## RECORDS SHOWN
==*==
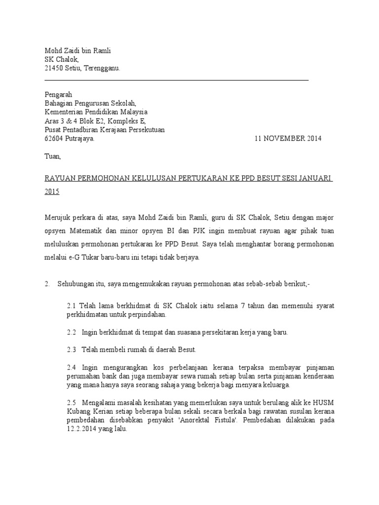 Webadapun permohonan pertukaran tempat kerja boleh menjadi satu perkara yang mudah apabila ada persetujuan untuk pertukaran suka sama suka diantara. Webberikut adalah format surat rayuan pertukaran yang sesuai untuk digunakan : Nama dan alamat pengirim. Nama dan alamat penerima tarikh.
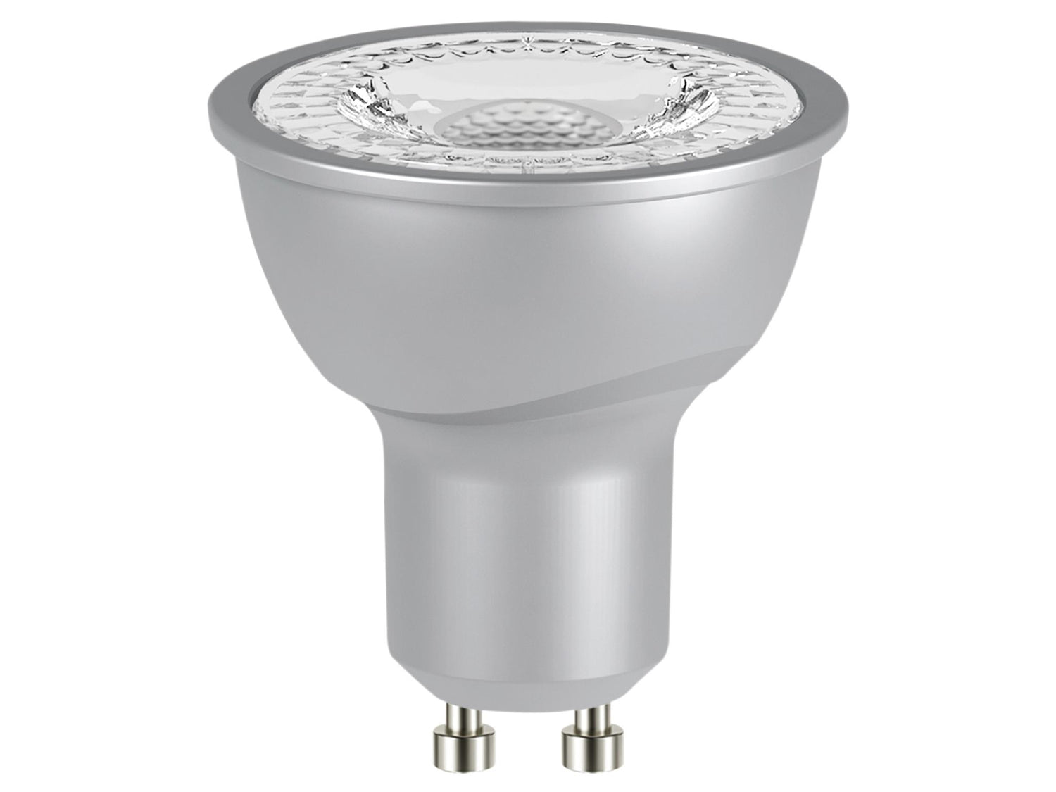 These Dimmable, Silver Finish Energizer® LED GU10 HIGHTECH Bulbs replicate traditional halogen bulbs in appearance and output, whilst offering an 85% energy saving versus their halogen equivalent. The bulbs are a true retro fit design, provide instant, flicker-free light and have an average rated life of 25,000 hours.
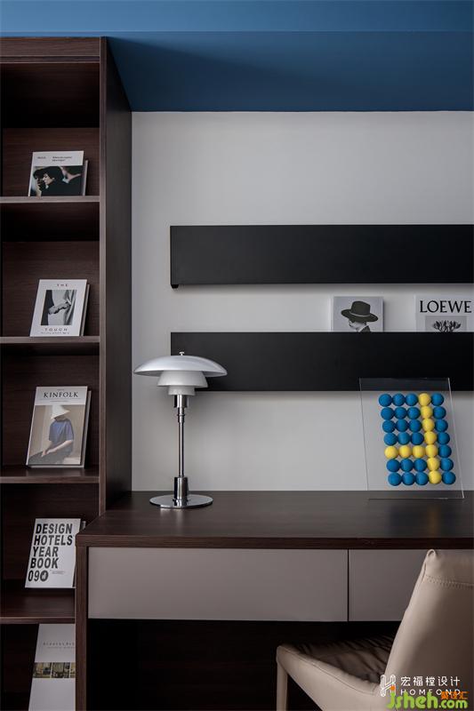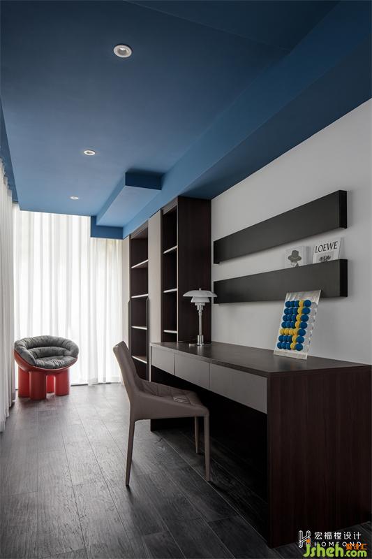 書房空間進(jìn)行搭建后,將整體面積從10m2 擴(kuò)大為20.4m2 ,L型兩面落地窗讓空間清透明亮。頂部涂成代爾夫特藍(lán),在視覺上弱化了搭建部分的異形梁體。
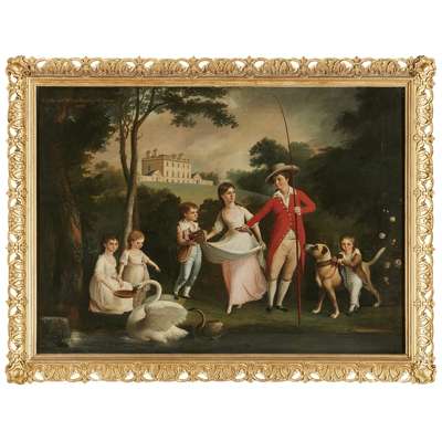 Nasmyth had begun his career as a portraitist with a palette of blues, pinks, lilacs and purples and an attention to fabric and texture, which emulated that of his early master Allan Ramsay, with whom he worked in London from 1774 to 1778. His earliest portraits were principally of single sitters, but from 1780 Nasmyth began to paint groups in the manner of Zoffany, notably The Duke of Atholl and his Family of that year and Patrick Miller and His Children, dated to 1782, the same year as the Barnton painting. Nasmyth prefers to place his groups in a pastoral setting, often with their residence in the background, as seen here and also in his portraits of the The 3rd Earl Rosebery and his Family in the Grounds of Barnbogle Castle (1784, Dalmeny House) and Lady Honyman and her Family (c.1790, National Galleries of Scotland). Revealingly, Nasmyth is at pains to create a sense of realism in these works, placing them in the context of an actual event, generally the return from a shoot, a pony ride or, as so charmingly depicted here, from a successful fishing expedition.
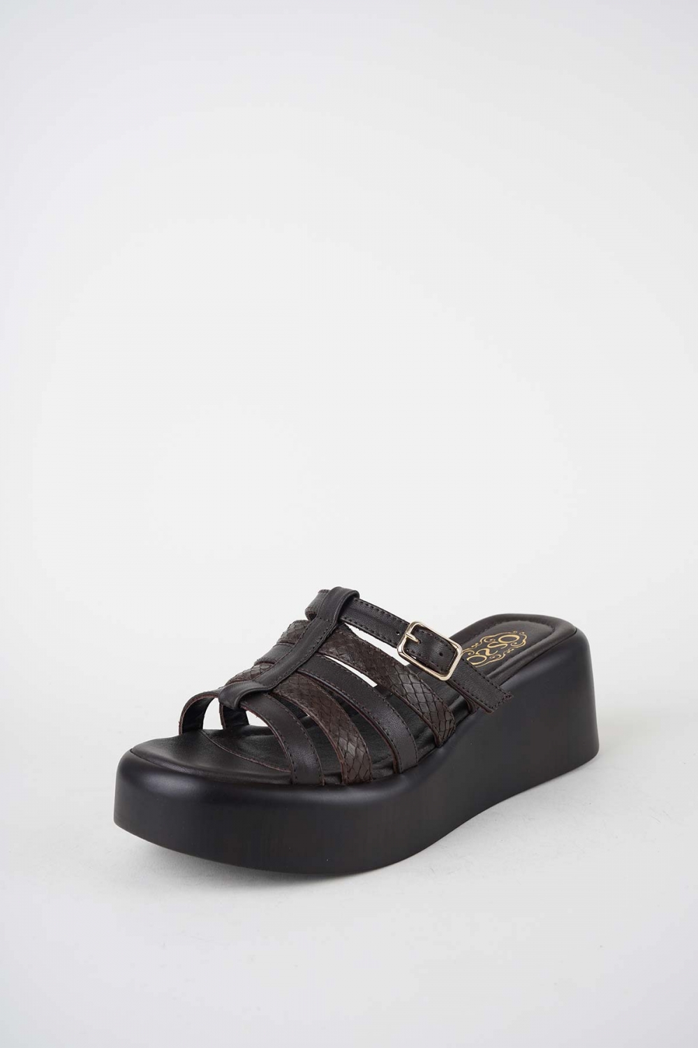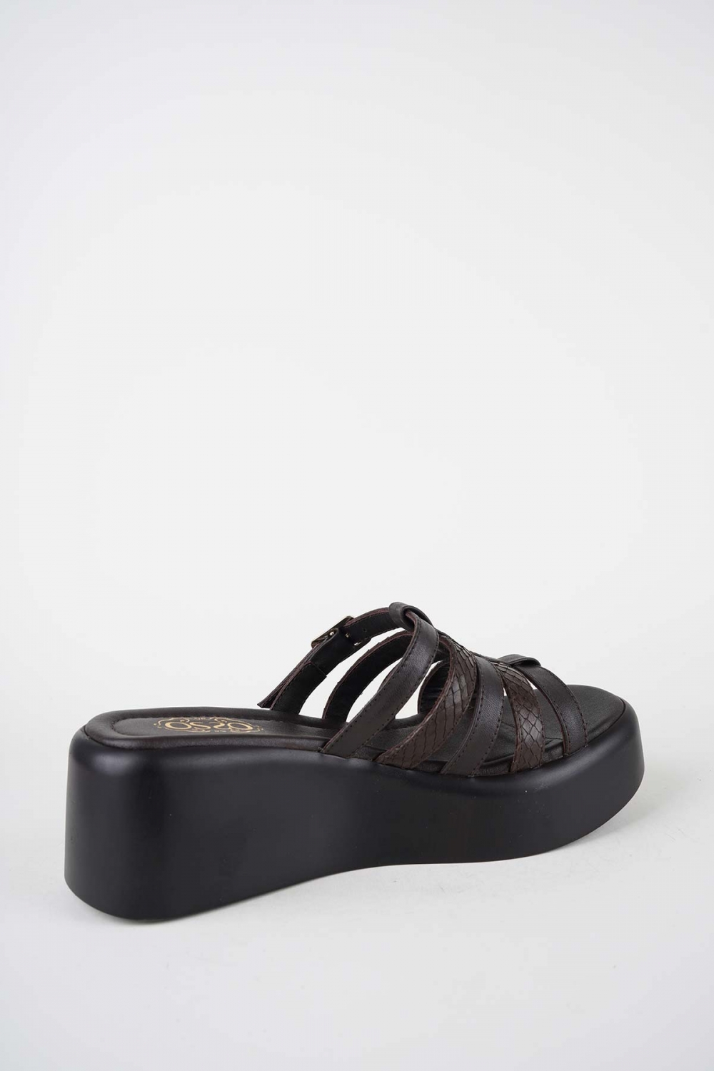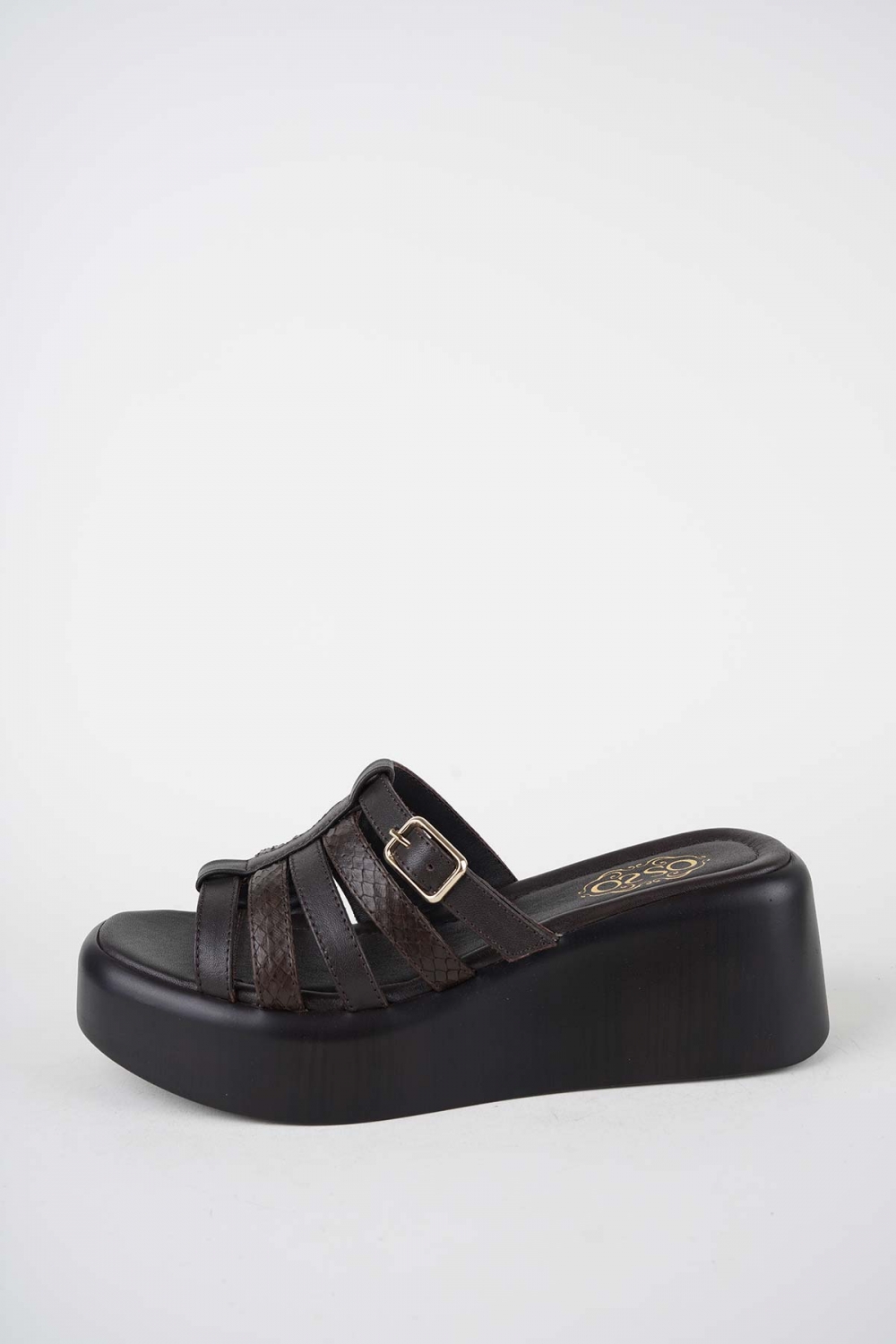 Hakiki Deri Koyu Kahve-Yılan Bas. Kadın Dolgu Topuklu Terlik 261114601
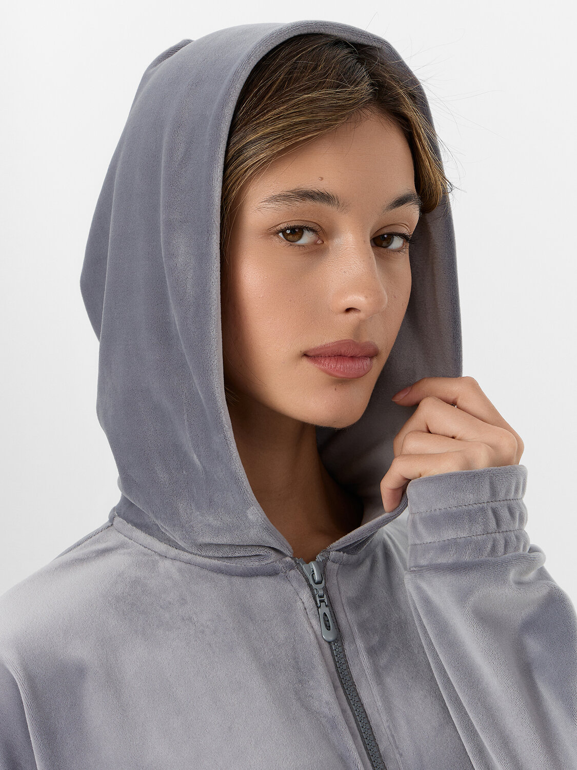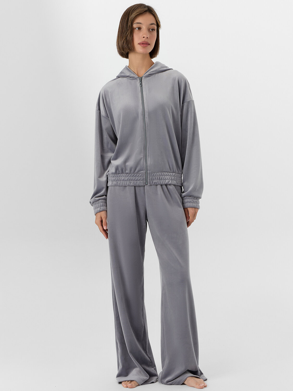 Манжеты на рукавах и пояс по низу, дополненные декоративными строчками, обеспечивают аккуратную посадку. Внутренние швы горловины обработаны мягкой хлопковой тесьмой для приятных тактильных ощущений. Велюровый материал с добавлением эластана мягко тянется и дарит нежность при каждом движении. Эта толстовка станет любимым предметом гардероба для спокойных вечеров и утреннего отдыха.
==*==
## THE TASK
Each record should be given again exactly, with no picture carried over.

## ANSWER FOR THIS EXERCISE
 Webadapun permohonan pertukaran tempat kerja boleh menjadi satu perkara yang mudah apabila ada persetujuan untuk pertukaran suka sama suka diantara. Webberikut adalah format surat rayuan pertukaran yang sesuai untuk digunakan : Nama dan alamat pengirim. Nama dan alamat penerima tarikh.
 These Dimmable, Silver Finish Energizer® LED GU10 HIGHTECH Bulbs replicate traditional halogen bulbs in appearance and output, whilst offering an 85% energy saving versus their halogen equivalent. The bulbs are a true retro fit design, provide instant, flicker-free light and have an average rated life of 25,000 hours.
 書房空間進(jìn)行搭建后,將整體面積從10m2 擴(kuò)大為20.4m2 ,L型兩面落地窗讓空間清透明亮。頂部涂成代爾夫特藍(lán),在視覺上弱化了搭建部分的異形梁體。
 Nasmyth had begun his career as a portraitist with a palette of blues, pinks, lilacs and purples and an attention to fabric and texture, which emulated that of his early master Allan Ramsay, with whom he worked in London from 1774 to 1778. His earliest portraits were principally of single sitters, but from 1780 Nasmyth began to paint groups in the manner of Zoffany, notably The Duke of Atholl and his Family of that year and Patrick Miller and His Children, dated to 1782, the same year as the Barnton painting. Nasmyth prefers to place his groups in a pastoral setting, often with their residence in the background, as seen here and also in his portraits of the The 3rd Earl Rosebery and his Family in the Grounds of Barnbogle Castle (1784, Dalmeny House) and Lady Honyman and her Family (c.1790, National Galleries of Scotland). Revealingly, Nasmyth is at pains to create a sense of realism in these works, placing them in the context of an actual event, generally the return from a shoot, a pony ride or, as so charmingly depicted here, from a successful fishing expedition.
 Hakiki Deri Koyu Kahve-Yılan Bas. Kadın Dolgu Topuklu Terlik 261114601
 Манжеты на рукавах и пояс по низу, дополненные декоративными строчками, обеспечивают аккуратную посадку. Внутренние швы горловины обработаны мягкой хлопковой тесьмой для приятных тактильных ощущений. Велюровый материал с добавлением эластана мягко тянется и дарит нежность при каждом движении. Эта толстовка станет любимым предметом гардероба для спокойных вечеров и утреннего отдыха.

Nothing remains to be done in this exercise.